Look through the data below and output, unchanged, every line from the one holding "operative da adottare" through the one holding "El objetivo de", inclusive. Skip the pictures.

[Records from a dataset]
|---|
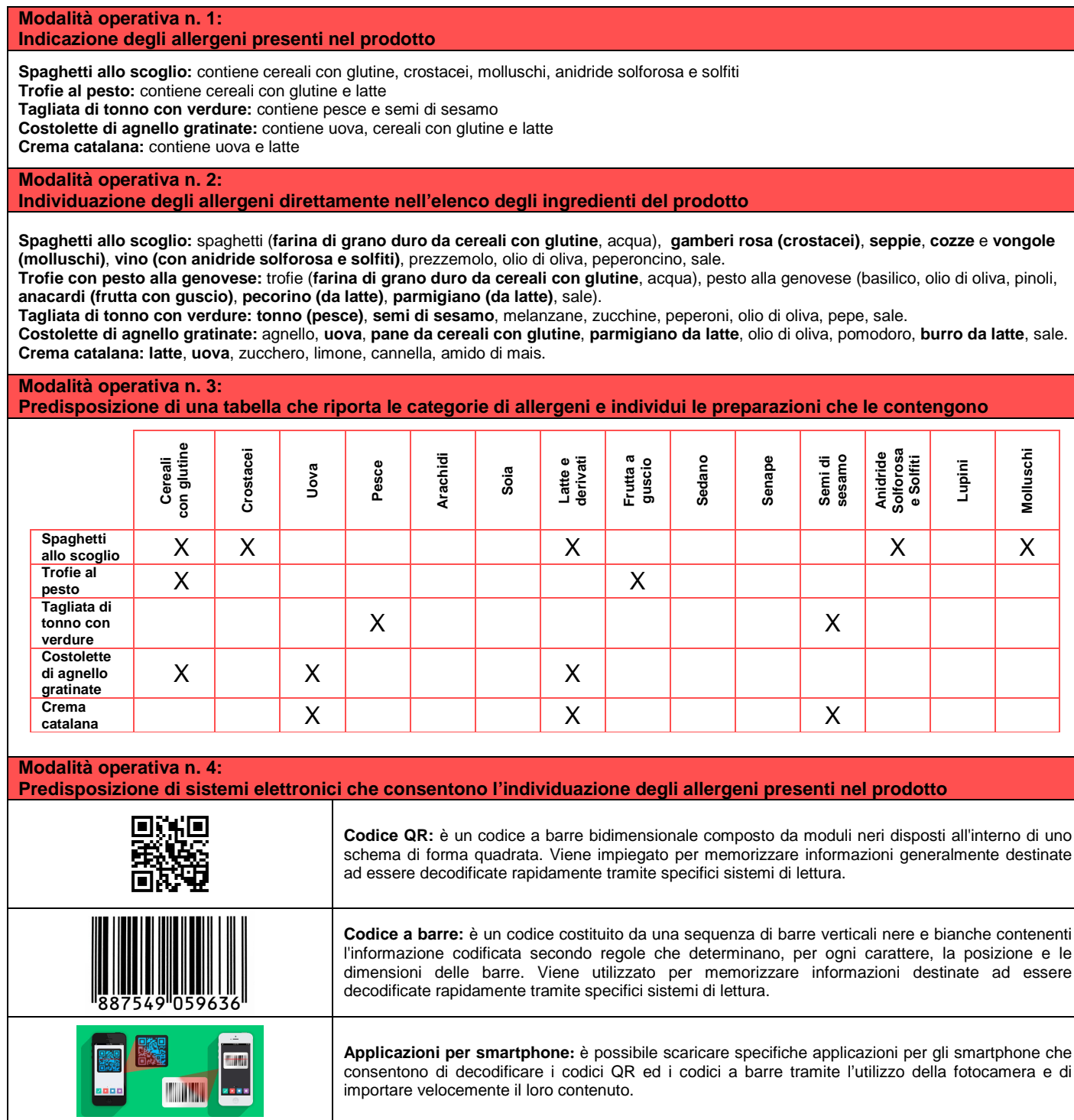
Tabella 1 – Modalità di informazione della presenza di allergeni negli alimenti pronti per il consumo

operative da adottare per garantire la corretta indicazione degli allergeni presenti negli alimenti pronti al consumo. La scelta circa la modalità da utilizzare per informare il consumatore finale è rimessa alla discrezionalità dell'operatore alimentare che sceglierà la soluzione più idonea ed efficace a seconda dell'organizzazione e della dimensione aziendale. È ammesso l'impiego di mezzi informatici (es. QR code, codici a barre, applicazioni per smartphone) i quali però devono essere sempre accompagnati da ulteriori strumenti informativi in quanto non facilmente accessibili a tutta la popolazione. Qualora nell'impresa alimentare fossero utilizzati vari allergeni e non fosse possibile garantire l'assenza di contaminazioni crociate durante lo svolgimento delle lavorazioni, si suggerisce di fare presente verbalmente o per iscritto (cartelli, registri, menù) al consumatore che tali sostanze possono essere presenti in tracce in tutti i prodotti anche se non espressamente indicati nelle singole preparazioni.
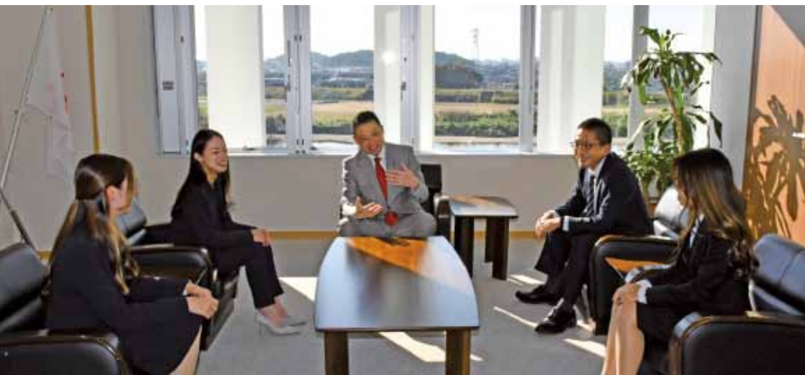
※写真撮影時のみマスクを外しています。座談会はマスクを着用して行いました。
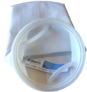
Plastic top style
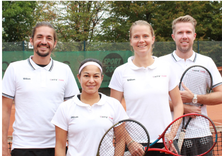
Team Hessen AK 40
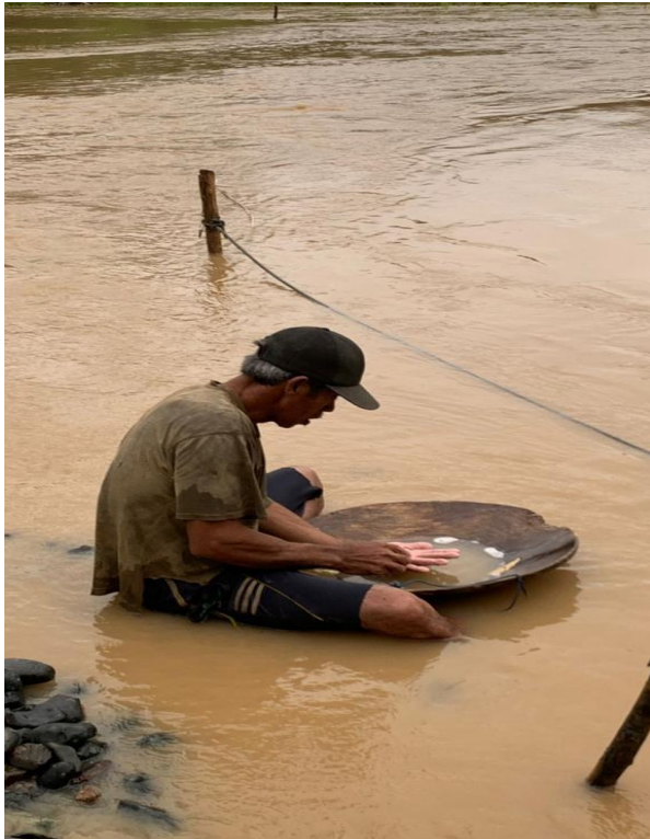
Gambar 7. Melinggang (dalam bahasa banjar) adalah proses memisahkan pasir dengan emas menggunakan media linggangan (topi kerucut berbentuk terbalik)
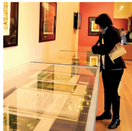
Detalle de la exposición.
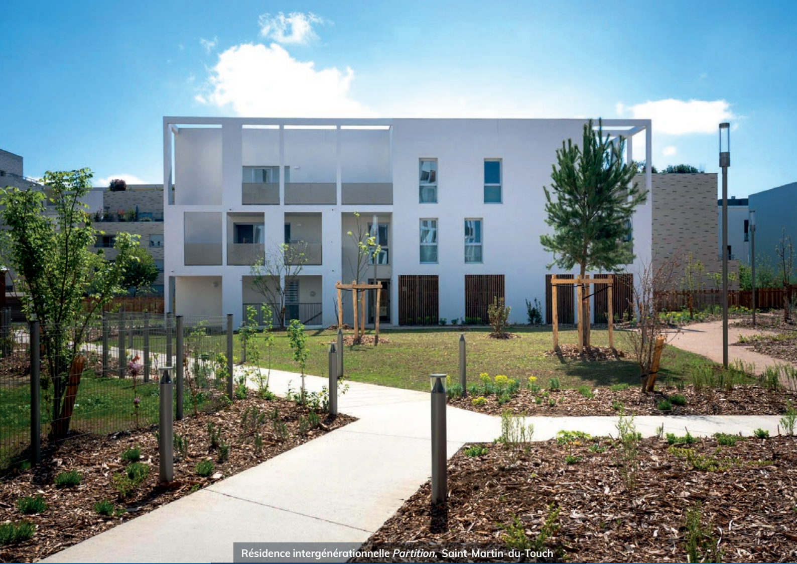
Résidence intergénérationnelle Partition , Saint-Martin-du-Touch
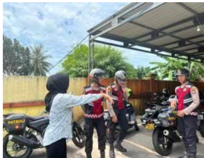
KEGIATAN PATROLI R2 HARKAMTIBMAS SATSAMAPTA POLRESTA TANJUNGPINANG
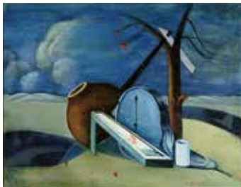
矢崎博徳《幻想》1938年頃
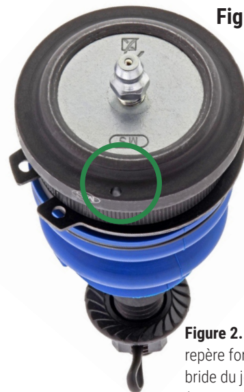
Figure 2. Marque de repère forée sur la bride du joint à rotule (encerclée)
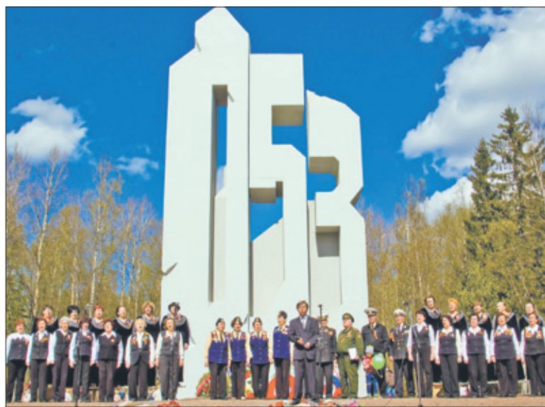
Мемориал «Непокоренная высота» на горе Колокольня
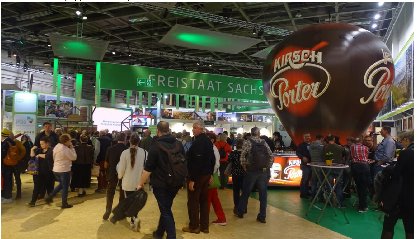
« Zurück IGW2020 (19) (Bild 11 von 26) Vorwärts »
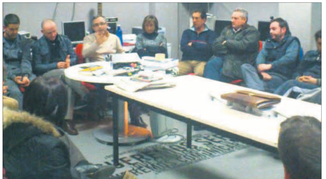
El objetivo de la asociación empresarial es fomentar el desarrollo económico del municipio.

iniciativa denominada Red de Empresarios con Espíritu 2.0, que el centro Guadalinfo pretende potenciar en relación a las nuevas tecnologías. Los fines del nuevo colectivo es representar a las firmas asociadas, fomentar la solidaridad y programar acciones para conseguir mejoras sociales y económicas para las entidades integrantes. También habrá contactos con entidades similares y se respaldará el desarrollo industrial y económico de Frailes. Además se impulsará la formación.
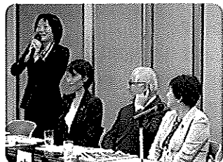
歯科医療についての懇談会

日本の安全保障と危機管理の問題は、今国会の重要なテーマです。自衛隊の方々や地元市ヶ谷の地域の方々との懇談の場で、ご挨拶をさせて頂きました。
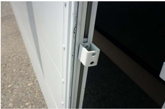
Gegenhalter auf Festsitz und Beschädigung prüfen
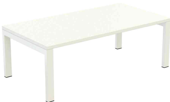
Loungetisch easyDesk rechteckig, weiß / weiß
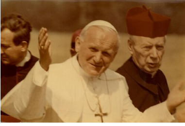
Jan Paweł II w towarzystwie kardynała Stefana Wyszyńskiego, Gębarzewo koło Gniezna, 3 czerwca 1979 r.
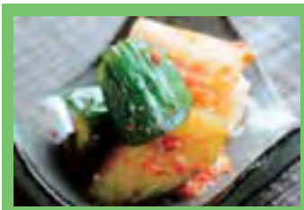
てしおキムチ工房 ... P 2
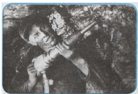
Рисунок 1. _____

Задание 3. Используя содержание пункта 3 § 15, а также дополнительные источники, выполните задание.
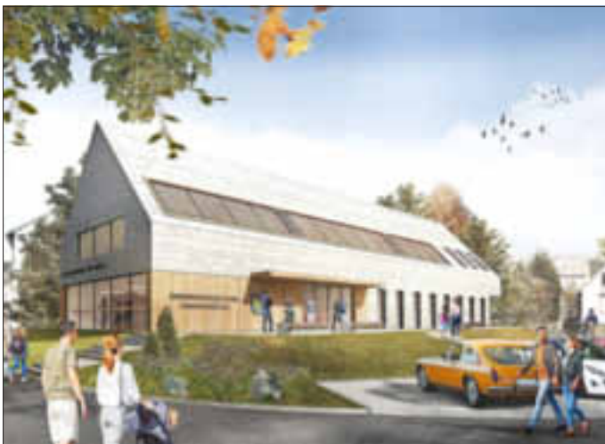
Bürgerbegegnungszentrum mit Arztpraxis
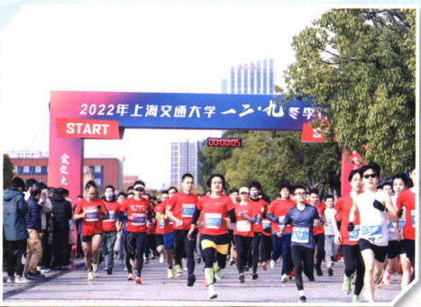
▲举办2022年“一三·九”冬季长跑活动

加强理想信念教育，引导青年学子同心向党。 学校高度重视学生党员发展工作，已设立10个青年马克思主义学校院系分校，规范院校两级党校教育培训管理。学生党建工作取得显著成绩，化学化工学院本科生党支部和药学院本科生党支部先后获评“全国党建工作标杆院系”，国际与公共事务学院博士生第二党支部获评全国高校“百个研究生样板党支部”，机械与动力工程学院党嘉强获评全国高校“百名研究生党员标兵”。
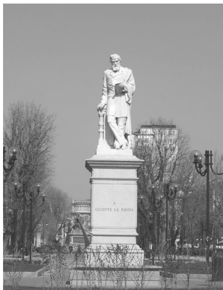
Fig. 2 - M. Auteri Pomar, Monumento a Giuseppe La Farina , Torino, Piazza Solferino (1884).
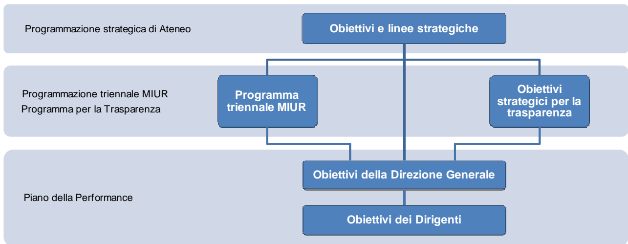
Figura 3 - Albero delle performance dell'Università di Padova

Prima di presentare gli obiettivi della Direzione Generale e dei Dirigenti, e considerando quanto precedentemente illustrato, si riporta lo schema sintetico dell'albero delle performance dell'Ateneo di Padova, che evidenzia la struttura degli obiettivi dell'Università.
|---|
§ **Written reply**:
operative da adottare per garantire la corretta indicazione degli allergeni presenti negli alimenti pronti al consumo. La scelta circa la modalità da utilizzare per informare il consumatore finale è rimessa alla discrezionalità dell'operatore alimentare che sceglierà la soluzione più idonea ed efficace a seconda dell'organizzazione e della dimensione aziendale. È ammesso l'impiego di mezzi informatici (es. QR code, codici a barre, applicazioni per smartphone) i quali però devono essere sempre accompagnati da ulteriori strumenti informativi in quanto non facilmente accessibili a tutta la popolazione. Qualora nell'impresa alimentare fossero utilizzati vari allergeni e non fosse possibile garantire l'assenza di contaminazioni crociate durante lo svolgimento delle lavorazioni, si suggerisce di fare presente verbalmente o per iscritto (cartelli, registri, menù) al consumatore che tali sostanze possono essere presenti in tracce in tutti i prodotti anche se non espressamente indicati nelle singole preparazioni.
※写真撮影時のみマスクを外しています。座談会はマスクを着用して行いました。
Plastic top style
Team Hessen AK 40
Gambar 7. Melinggang (dalam bahasa banjar) adalah proses memisahkan pasir dengan emas menggunakan media linggangan (topi kerucut berbentuk terbalik)
Detalle de la exposición.
Résidence intergénérationnelle Partition , Saint-Martin-du-Touch
KEGIATAN PATROLI R2 HARKAMTIBMAS SATSAMAPTA POLRESTA TANJUNGPINANG
矢崎博徳《幻想》1938年頃
Figure 2. Marque de repère forée sur la bride du joint à rotule (encerclée)
Мемориал «Непокоренная высота» на горе Колокольня
« Zurück IGW2020 (19) (Bild 11 von 26) Vorwärts »
El objetivo de la asociación empresarial es fomentar el desarrollo económico del municipio.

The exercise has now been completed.